梁覺筠小聲地念道:“玲瓏骰子安紅豆,入骨相思知不知?”

梁國棟:“沒錯。”

“這是……”

“一直普普通通的鋼筆,是當年我送給你媽媽的定情信物。”

梁覺筠喟然,讚嘆道:“太浪漫了!”

“這是溫庭筠的樂府詞,寫的是女子思念情郎。你可別笑話老頭子當年的老土和肉麻。”

“怎麽會呢?難怪媽媽那麽喜歡溫庭筠了。”

梁國棟的聲音有些暗啞:“其實一直想問你,會不會怪我太嚴厲了?別人的父親,都是對女兒寵愛甚至溺愛。年紀大了之後,回想以前,尤其是你媽媽去世之後,我並不是一個合格的父親。”

“怎麽會呢?您都是為我好,我明白的。”

“還有,當初,我不應該那麽對你,半年時間都對你不理不睬。”

“這些年來,我也時常像您問我那樣問自己:梁覺筠,你知道自己在做什麽嗎?科研也好,感情也好,首先要認識自己。”

“那時候你說你喜歡女人,喜歡Tracy,我滿腦子想著,我該怎麽向你媽媽交待?呵,現在想想真是可笑。”

“都過去了。現在您不是接受了嗎?只要您接受,過程怎麽樣,已經不重要了。”

梁國棟摩挲著手裏鋼筆:“做了大半輩子科研,其實生活和科學一樣,有太多的盲點。你的事情,有什麽不能接受的呢?你媽媽,走的那麽太突然……我是失去過一次的人,也知道,要平衡這個過程中的眼淚,需要多少時間和勇氣。”

梁覺筠紅了眼眶,忍住不讓眼淚掉下來。

“我以為這輩子也許就會這樣過去,我認命了。然而在等待的歲月裏,沈澱自己,淬煉自己,命運就會給你轉機,於是我遇見了Mary。Tracy對你來說,是成長過程中很重要的人,但你們之間註定不會是愛情。所以,這一次,希望你能好好把握她,我是說,這位。”梁國棟指了指那茶座。

梁覺筠點點頭。

梁國棟釋然笑道:“現在,我把這支筆交給你。”

梁覺筠一怔:“我怎麽能夠……”

“原本是打算等你結婚的時候把它送給你,現在看來,也差不多是時候了。”梁國棟頓了頓,“原本就是你媽媽的東西,交給你是應該的,我留著也……”

“爸……”

梁國棟輕拍梁覺筠的手。

“我知道了,我會好好保管的。
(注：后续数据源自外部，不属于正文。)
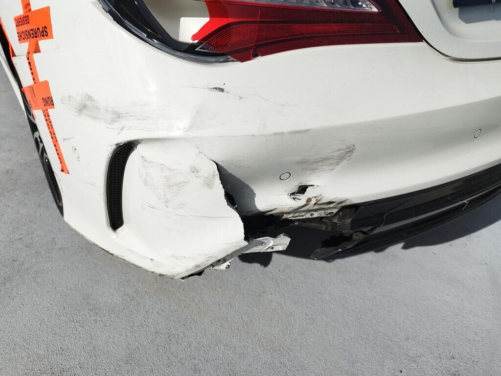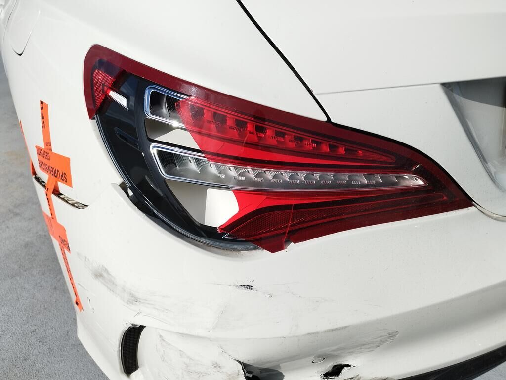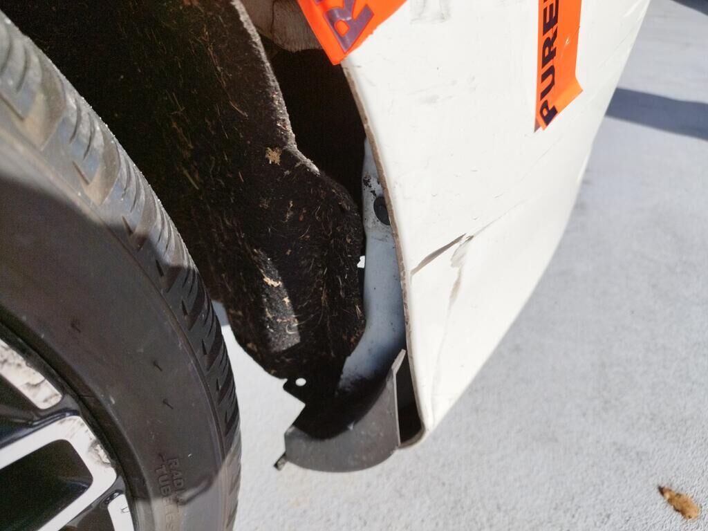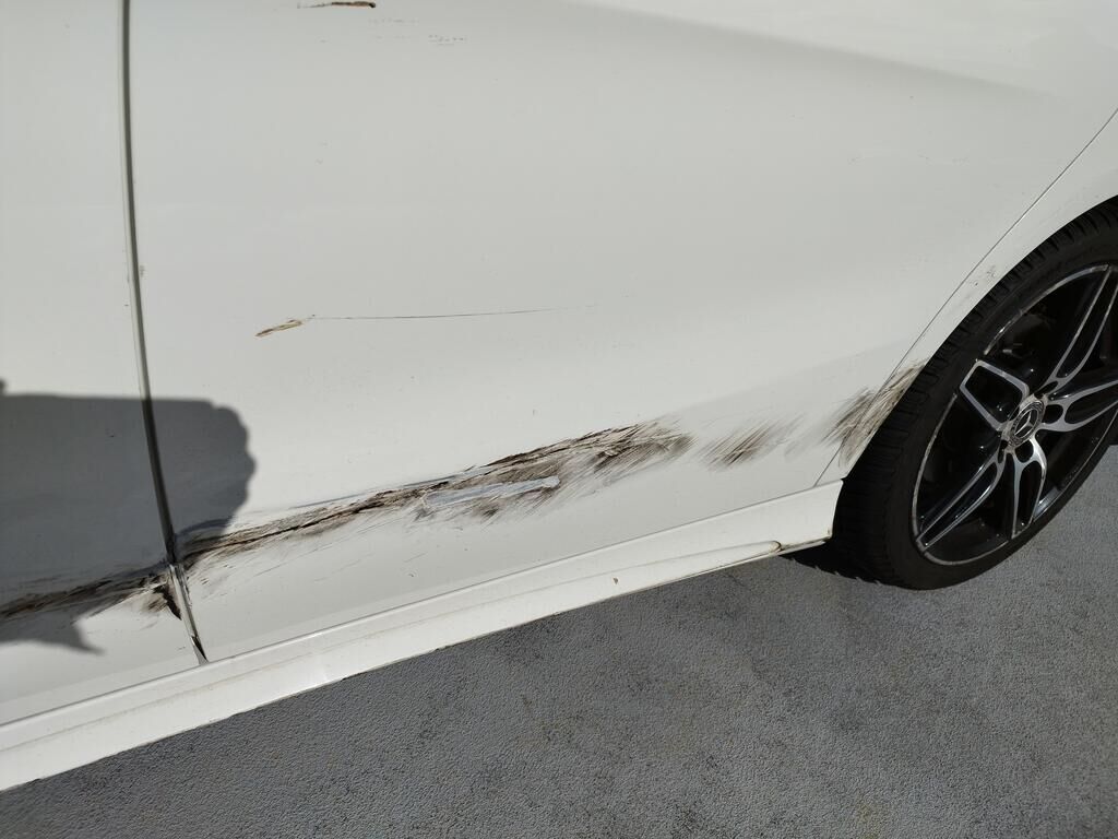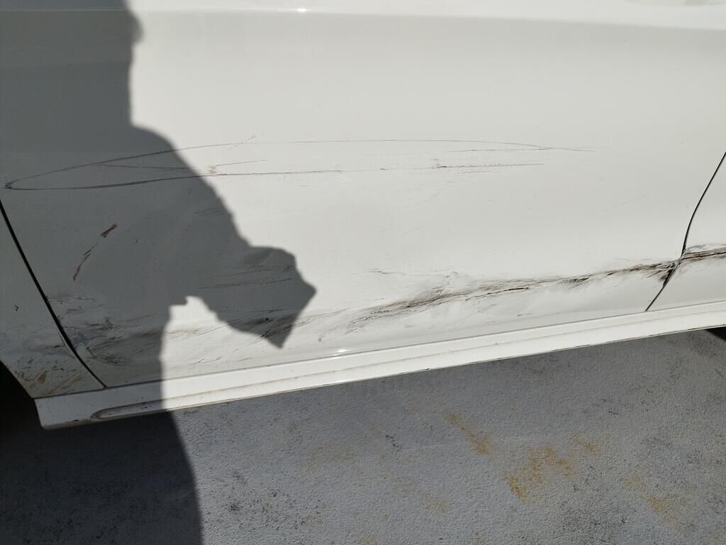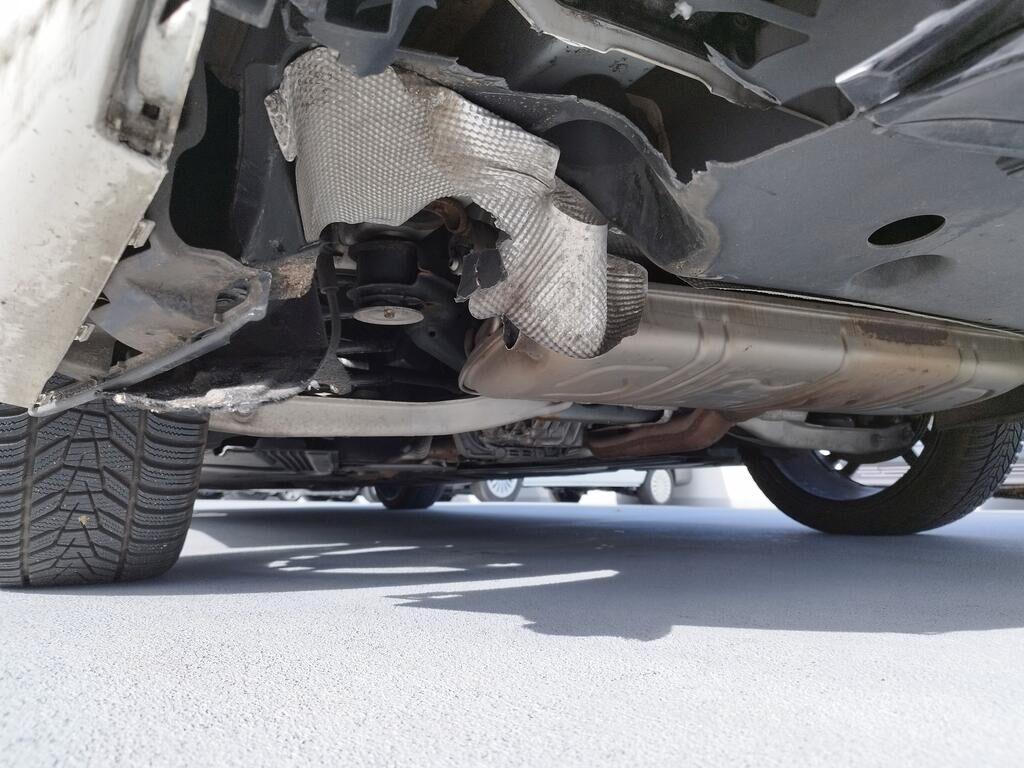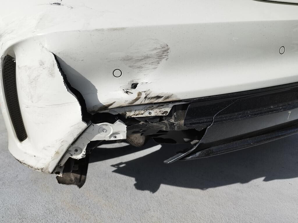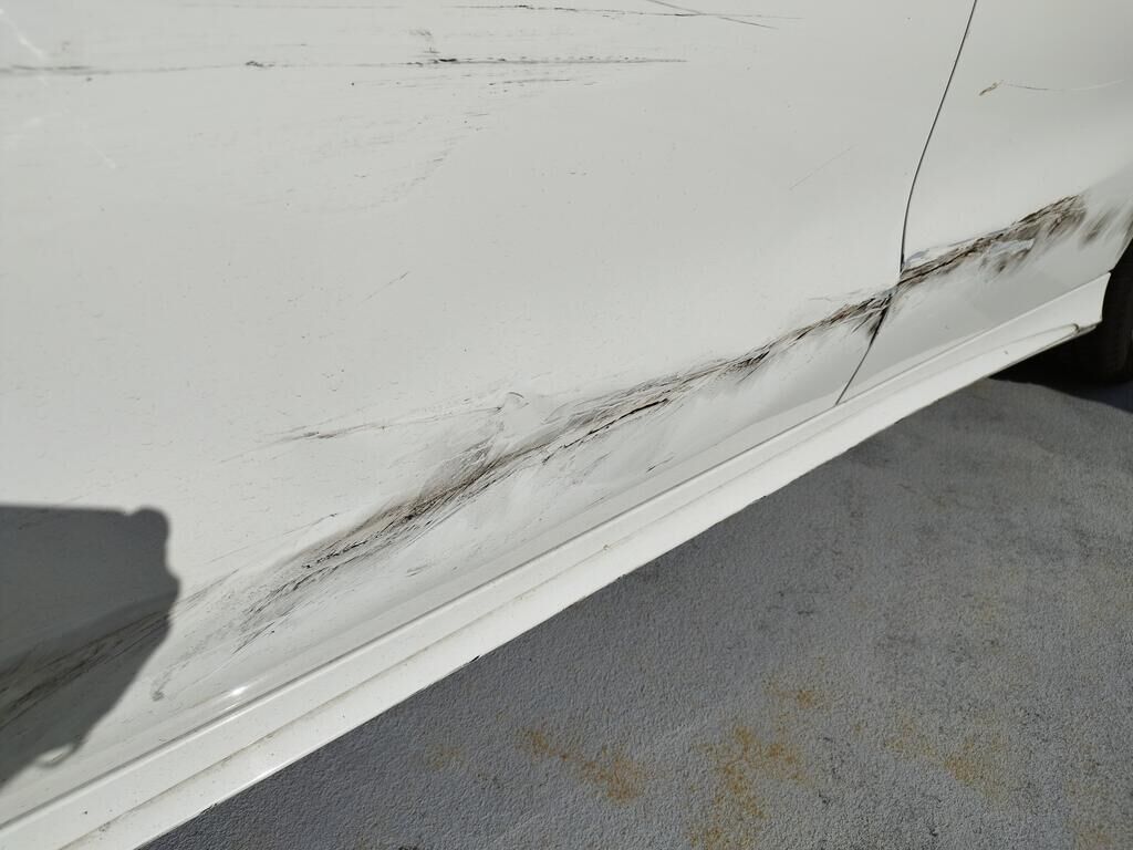 Der Kotflügel vorne links ist deformiert, die Türe vorne links ist deformiert, die Türe hinten links ist deformiert, die Schwellerblende links hat Kratzspuren, die Seitenwand hinten links hat Kratzspuren und eine Delle, die Felge hinten links hat Kratzspuren, die Stossstange hinten links ist gerissen, diverse Anbauteile sind gerissen, der Auspuff hinten links ist abgerissen, die Heckleuchte links ist gerissen.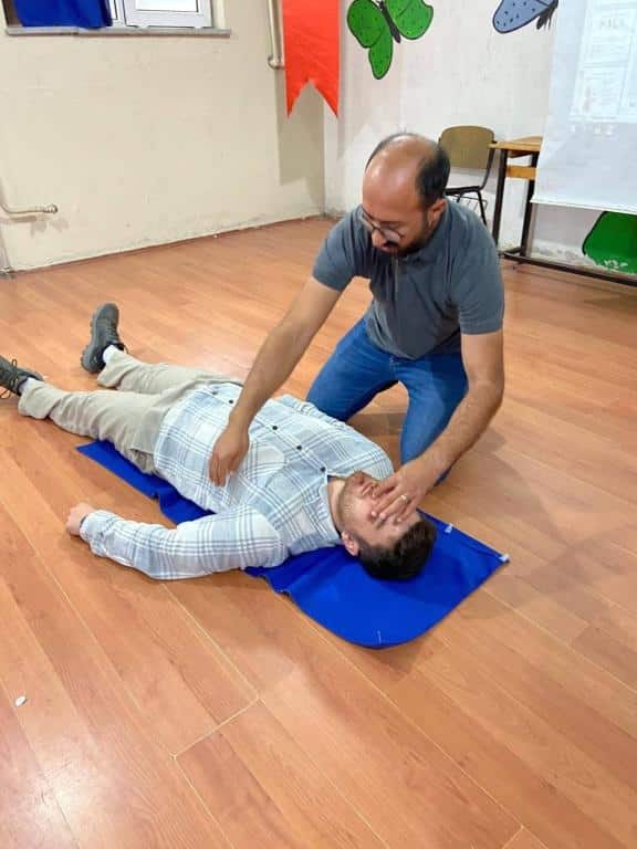 Dünya İlkyardım Günü münasebetiyle ilkyardım sertifikası bulunan okul rehber öğretmenimiz Ahmet YAVUZKURT ve sınıf öğretmenimiz Yusuf EKER eğitim verdiler.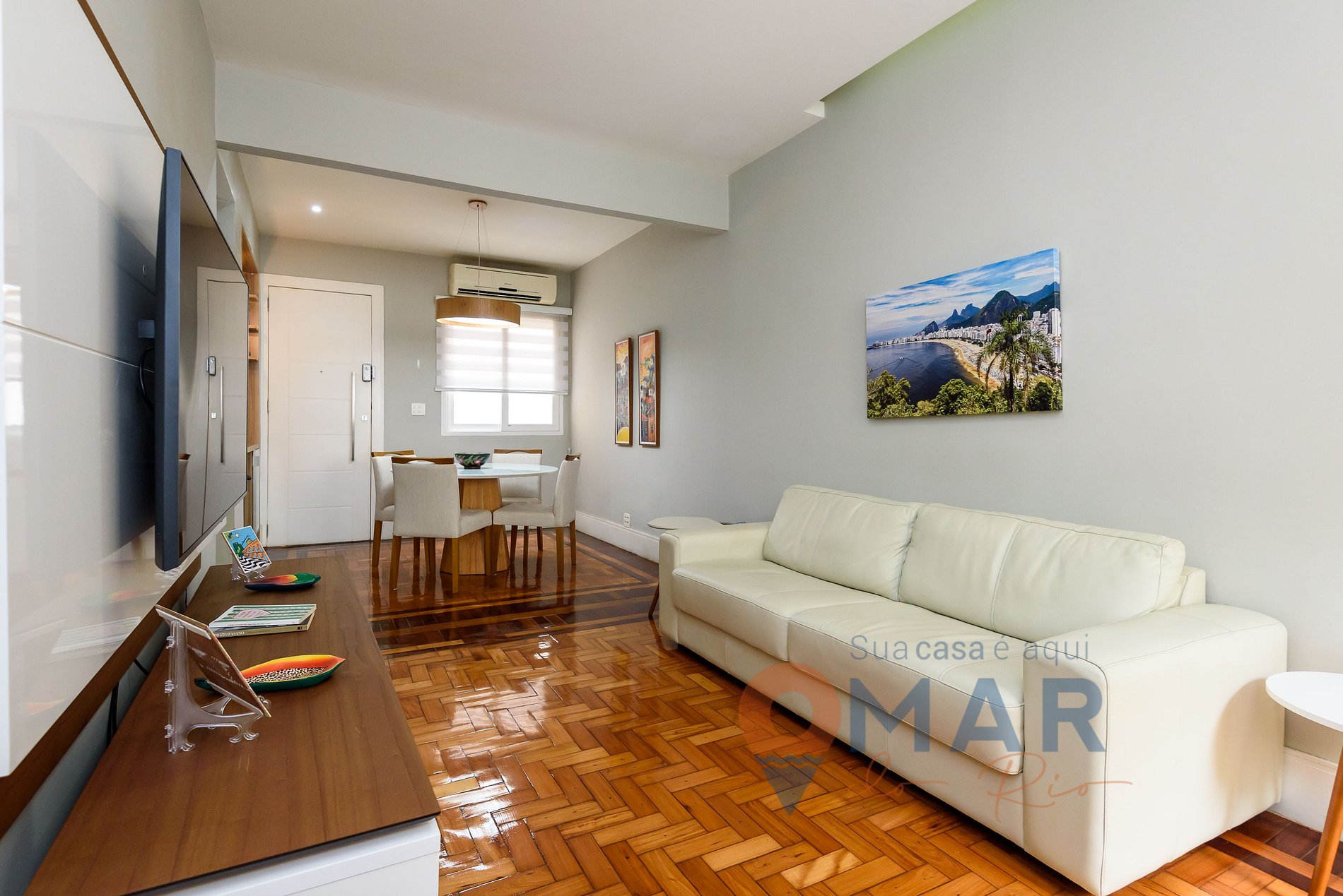 Living room: sofa, split air conditioning, Smart TV with cable channels (Claro TV), dining table with chairs, puffs and translucent curtain.

”

“那就好。明年有假期,我們去C城看看你們,你覺得呢?”

“真的嗎?”

“是啊,歡迎嗎?”

“當然!”

命運可以是膽小鬼避世的借口和詭辯,也可以是幸運兒對緣分的解釋和感恩。更多的,命運是你我他,寧願摒除科學精神,對未來的期待和信仰。

愛情,究竟是命運還是科學?是三生石上刻下的姻緣輪回,還是月老手中拉扯宿命羈絆的交織紅繩?是使人沖動的乙酰膽堿,還是令人上癮的多巴胺?